Die
Schuhe. Wo sind nur wieder diese blöden Schuhe? Wo – in Gottes
Namen – hat das Kind sie diesmal ausgezogen? Wir müssen los,
Johann (2) zur Tagesmutter, ich habe einen dringenden Termin. An der
Schaukel werde ich schließlich fündig. Wo denn auch sonst. Haben
wahrscheinlich beim Klettern gestört...
Wenn
man auf Johann aufpasst, drängt sich früher oder später
unweigerlich der Vergleich mit dem Sack Flöhe auf. Schneller als man
gucken kann, ist er in den Garten entwischt. Und sitzt im Schlafanzug
mitten in der Sandkiste. Oder steht auf der Straße, weil die Haustür
nicht abgeschlossen war.
Die Selbständigkeit unseres Nachzüglers ist schon außergewöhnlich. Leider auch außergewöhnlich anstrengend. Keiner unserer Großen kam auch nur ansatzweise auf solche Ideen, wie ihr kleiner Bruder sie tagtäglich ausheckt. Dass zurzeit bei seiner Tagesmutter eine Grundsanierung stattfindet, macht das Ganze nicht einfacher. Breitbeining, mit angewinkelten Armen und einer Holzlatte in der Hand stapft er durch den Garten. Nimmt Maß, sägt, hämmert. „Ich Bauarbeiter.“ Hatte ich schon erwähnt, dass sein Sprachvermögen nicht im entferntesten an seine Motorik heranreicht?
Alles
dient zum Klettern. Keine Leiter ist zu hoch, kein Baum zu steil,
kein Stuhl zu wackelig – und Schubladen kann man prima
herausziehen, um über diese Treppe auf die Arbeitsfläche der Küche
zu gelangen. Meine Eltern haben etwas hochgelegt, damit ich nicht
dran komme? Kein Problem, wozu gibt es Stühle? Oder Kisten. Diese
umzudrehen, um dann draufzuklettern, wäre natürlich zu einfach. Auf
dem schmalen Rand balancierend, wird das Objekt der Begierde
geangelt.
Bei
Johann hat es keinen Sinn, sich zu fragen, warum er etwas macht.

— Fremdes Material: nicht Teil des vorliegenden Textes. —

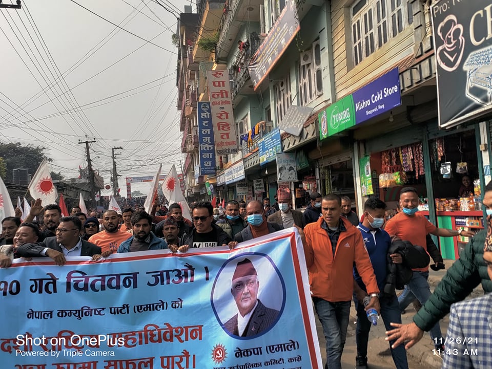आँपटारी, हाकिमचोक, वीरेन्द्र क्याम्पस, शहीदचोक, गैंडाकोट, केन्द्रीय बसपार्क, विशालचोक लगायत स्थानबाट जुलुस निस्किएका छन् । ठूला जुलुस भने भरतपुर बसपार्क, आँपटारी र गैंडाकोटबाट निकालिएको एमाले चितवन अध्यक्ष पार्वती रावलले जानकारी दिइन् ।
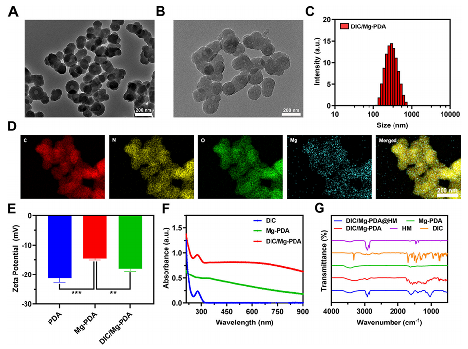 图1.DIC/Mg-PDA的表征。(A)Mg-PDA的TEM图像。(B)DIC/Mg-PDA的TEM图像。(C)DIC/Mg-PDA的粒度分布。(D)DIC/Mg-PDA的EDS图。(E)PDA、Mg-PDA和DIC/Mg-PDA的Zeta电位分析(n=3)。(F)DIC、Mg-PDA、DIC/Mg-PDA的吸光度。(G)HM、DIC、Mg-PDA、DIC/Mg-PDA、DIC/Mg-PDA@HM的FTIR光谱。所有数据均以平均值±标准差表示,采用单因素方差分析和Tukey多重比较检验,ns表示无显著性,*p<0.05,**p<0.01,***p<0.001。
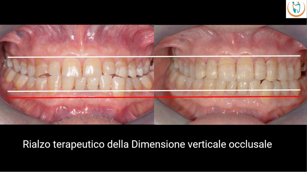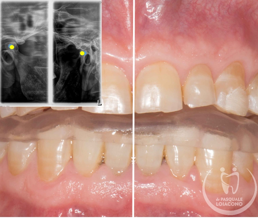 Per alleviare il dolore è stato costruito un apparecchio con chiusura in occlusione terapeutica, che riposiziona nello spazio correttamente la mandibola e le sue articolazioni. Ricentrando le linee mediane e rialzando la masticazione la posizione dell’articolazione si normalizza, poiché si è rispettata la fisiologia dell’organo.

Meist fällt einem eh nur die Antwort ein: Weil er es kann. Und die
Großen – egal ob Eltern oder Brüder – es auch machen. Manche
Seite meines Kalenders ist kaum mehr zu entziffern. Was nicht nur an
der Fülle meiner Termine liegt. Vielmehr sah auch mein Jüngster
sich bemüßigt, auf etlichen Seiten etwas einzutragen. Wände
bemalt, Möbel bekritzelt – solche Erzählungen meiner Freundinnen
konnte ich früher nicht fassen. Heute entlocken mir diese Tatsachen
im eigenem Haus nur noch einen resignierten Seufzer.
Ich
muss zugeben, oft fällt es uns verdammt schwer ernst zu bleiben und
zu schimpfen. Vor allem, wenn dann wieder dieser charmante Blick von
unten hoch folgt, der Kopf schief gelegt wird und ein fragendes
„Nein?“ kommt. Nein! Manchmal frage ich, ob mich unser Nachzügler
mit diesen Aktionen jung hält – oder doch schneller altern lässt.